A Fragment Does Not a Sentence Make Uncategorized / Writing & Grammar

Hello everyone:

Welcome to the bane of many a professor’s existence: sentence fragments. Oh, my, if I had. A nickel for every. Sentence fragment that. Abounds in many. Students’ work. I. Would be. Wealthy.

Okay, so maybe I wouldn’t be dripping in diamonds or frolicking in fur, but I could, in the very least, pay a visit to Cracker Barrel.

There are times when the fragment really appears to be a part of the sentence that went before or after it, but there are times when it seems to materialize on its own. So how do you avoid writing them? Please proofread your document. Read it out loud and you will be amazed at the number of mistakes you will catch before the professor lays an eye on your assignment.

Allow me a slight digression here. I am bent over double in laughter when a student tells me that he or she doesn’t need to “poof reed,” “prove reed,” or the like. They have, therein, proven the fact that they really do need to take the extra time to have a second look. Please humor me here.

Yes, I understand that auto-correct can do in your best intentions. When texting with friends, “that blasted autocorrect” (as I call it), can make it necessary to correct and re-correct your document, but please take the few extra seconds to perfect your writing.
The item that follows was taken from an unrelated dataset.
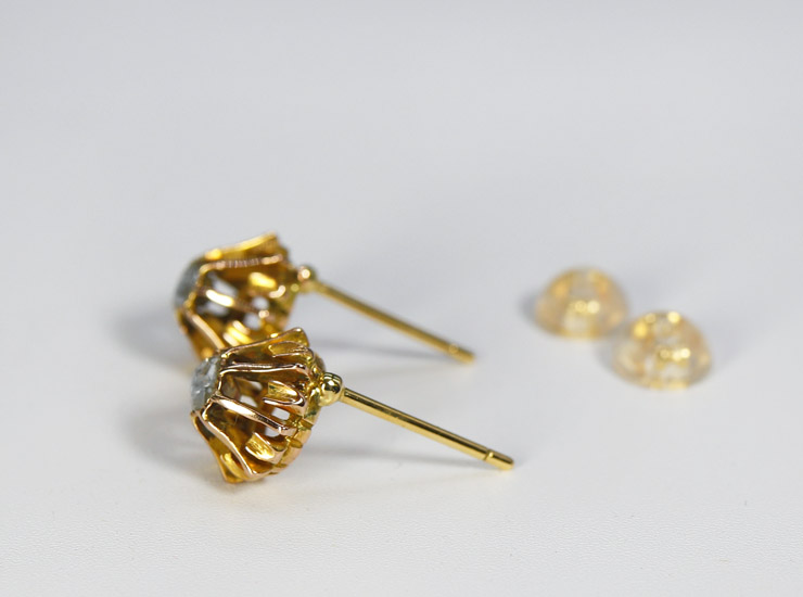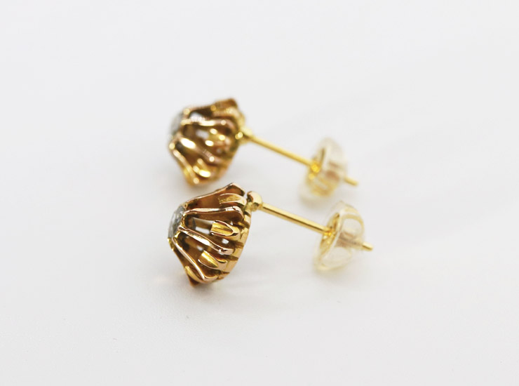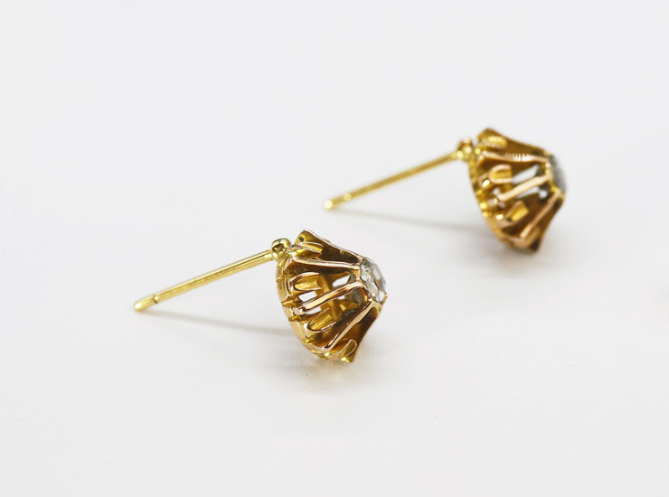 取り外した部分にホールマークがあったため刻印はありませんが、18金と確認済み。アンティーク18金ローズカットダイヤモンドピアスは良い状態です。

If nothing else, your rich professor will have to pay his or her own way to Cracker Barrel! Have a great day!


Dr. Sheri


Sheri Dean Parmelee has a Ph.D. in Communication Studies from Regent University. She writes books on practical tips for people who become unexpectedly unmarried and is working on her second novel in a series of contemporary romance/suspense novels. She teaches at three colleges, working with students from freshmen to graduate students. Her hobbies include running 8 miles a day and reading biographies and fiction.